Drawn from the above, these are the total download counts for all instances where a single IP has download a given attachment more than 100 times (columns are attachment ID and total count) during the last year, excluding bots:
106 23892 107 867 224 3490 370 291 400 103 523 103 534 172 607 24071 618 2601 620 867 625 132 627 249 628 326 638 18517 690 18629 693 14154 705 867 710 2647 711 1008 712 685 760 66885 768 7459 807 188 903 6084 907 1337 908 135 918 2512 1105 106 1123 149 1129 13163 1144 18940 1186 797 1189 220733 1198 37824
And for cases where a single IP has over 1000 downloads of a given attachment:
106 23892 224 1224 607 24071 618 1080 638 18517 690 17095 693 14154 710 2647 760 66047 903 4432 1129 13163 1144 18940 1189 219118 1198 37824
These figures are highly problematic as they exceed the recorded download counts for some (maybe all, I'm not sure). So I obviously need to review again.
#5
Updated by Chris Cannam about 10 years ago
I have moved (e2c122809c5c) the download increment to after the send_file call, but I'm not sure whether that suffices -- I don't know whether send_file finishes normally (bad) or throws (good) if the send fails, or indeed whether it's entirely async. To be researched further.

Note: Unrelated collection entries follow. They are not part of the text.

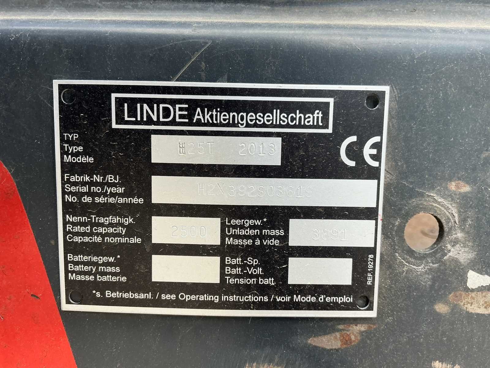 Merk: Linde Type: H25T Bouwjaar: 2013 Brandstof: LPG Aantal wielen: 4 Afgelezen urenstand: 18176.9 Duplex mast: true Vol rubber banden: true LPG: true
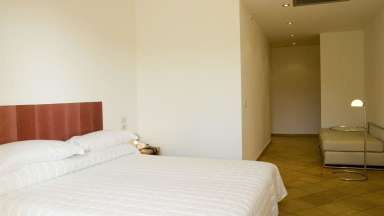 Die Zimmer sind mit Klimaanlage, Heizung und einem jeweiligen Balkon oder Terrasse ausgestattet, die einen Blick aufs Meer bieten. Sie verfügen über ein Doppelbett, einen Safe sowie eine Minibar. Kommunikations- und Unterhaltungsmöglichkeiten sind durch ein Direktwahltelefon, einen TV mit Satelliten-/Kabelempfang und Wifi gegeben. Das Badezimmer ist mit einer Dusche und Badewanne sowie einem Haartrockner ausgestattet. Es sind auch rollstuhlgerechte Zimmer mit barrierefreiem Badezimmer verfügbar.
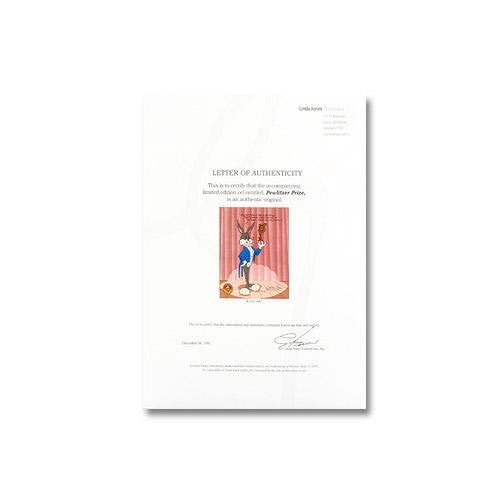 Own this amazing piece based on the original line image hand drawn and hand-inked on paper by Chuck Jones! "Pewlitzer Prize" is a sold out limited edition animation cel with hand painted coloring on sericel outline, numbered and hand signed by Chuck Jones (1912-2002). Includes Certificate of Authenticity! Measures approx. 10.5" x 12.5".
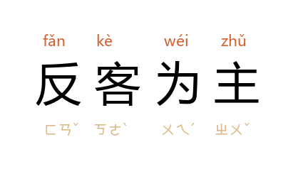 ⒈ 客人反倒成了主人。比喻变被动的为主动的或变次要的为主要的。也作「反客作主」。
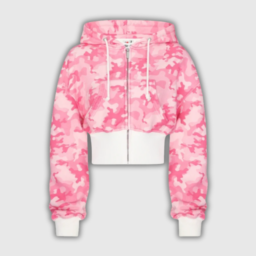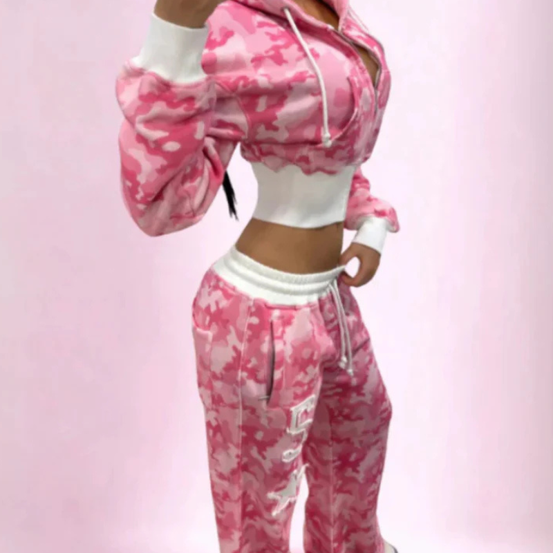 Y2K Pink Camouflage 1+2-Piece Set – Short Zip Hoodie and Sports Pants
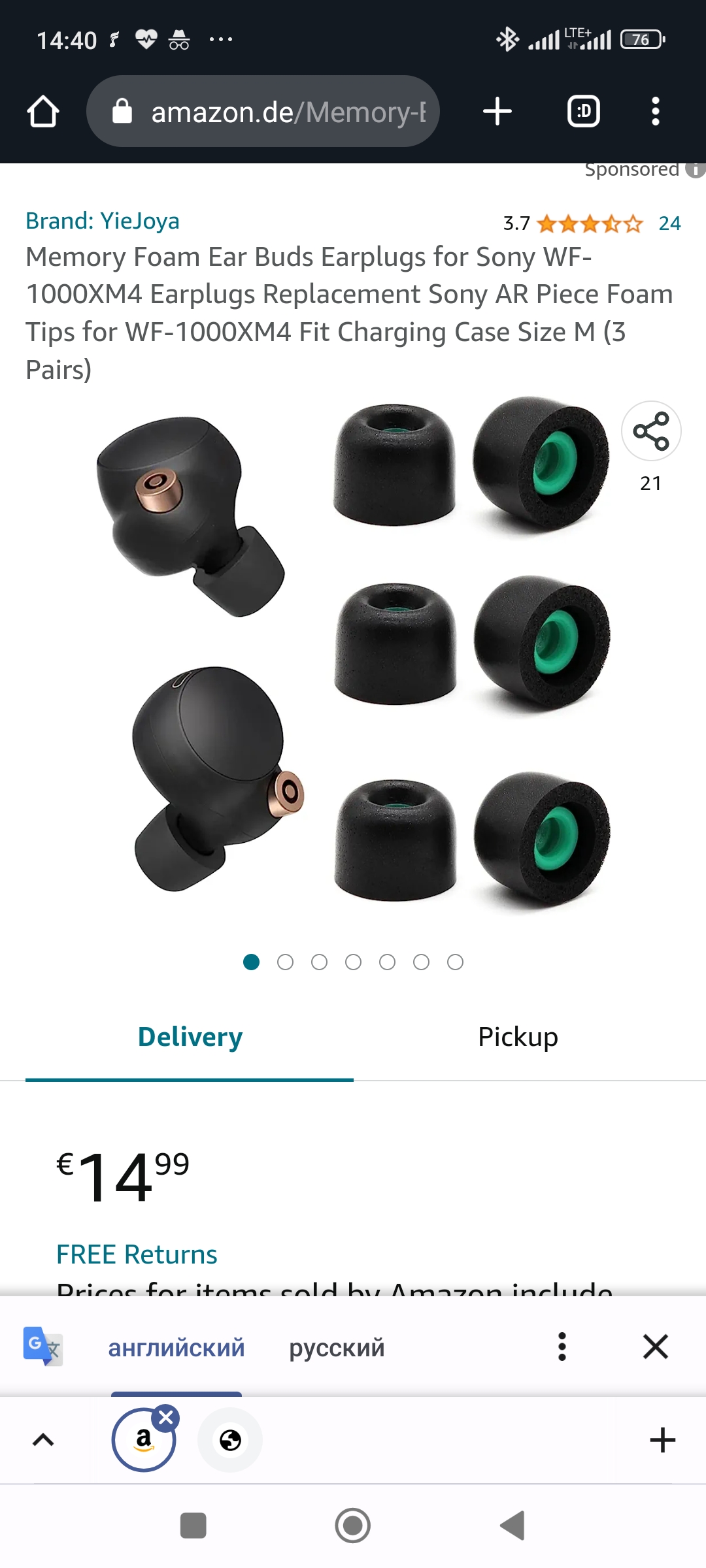 И это ещё божеская цена, не оригинал. А оригинальные Sony EP-NI1000 стоят 20, а то и 33 евро за пару.

update: no, it doesn't help.
#6
Updated by Chris Cannam about 10 years ago
We can always look at the HTTP response size...
$ cat downloads |egrep -v '(bot|slurp|crawler|spider)\b' | grep ' 200 '|sed 's/^.*download\///'|sed 's/\/.*200 / /'|sed 's/".*//'| grep -vi '[a-z]'|sort|uniq -c > sizes
Then we can find the responses for while the size is at least the intended file size. For 1189 for example this number is 16878.
#7
Updated by Chris Cannam over 9 years ago
(Alternatively, we could "fix" the problem from the other angle without resorting to the log files, by only counting e.g. one download per IP address per day.)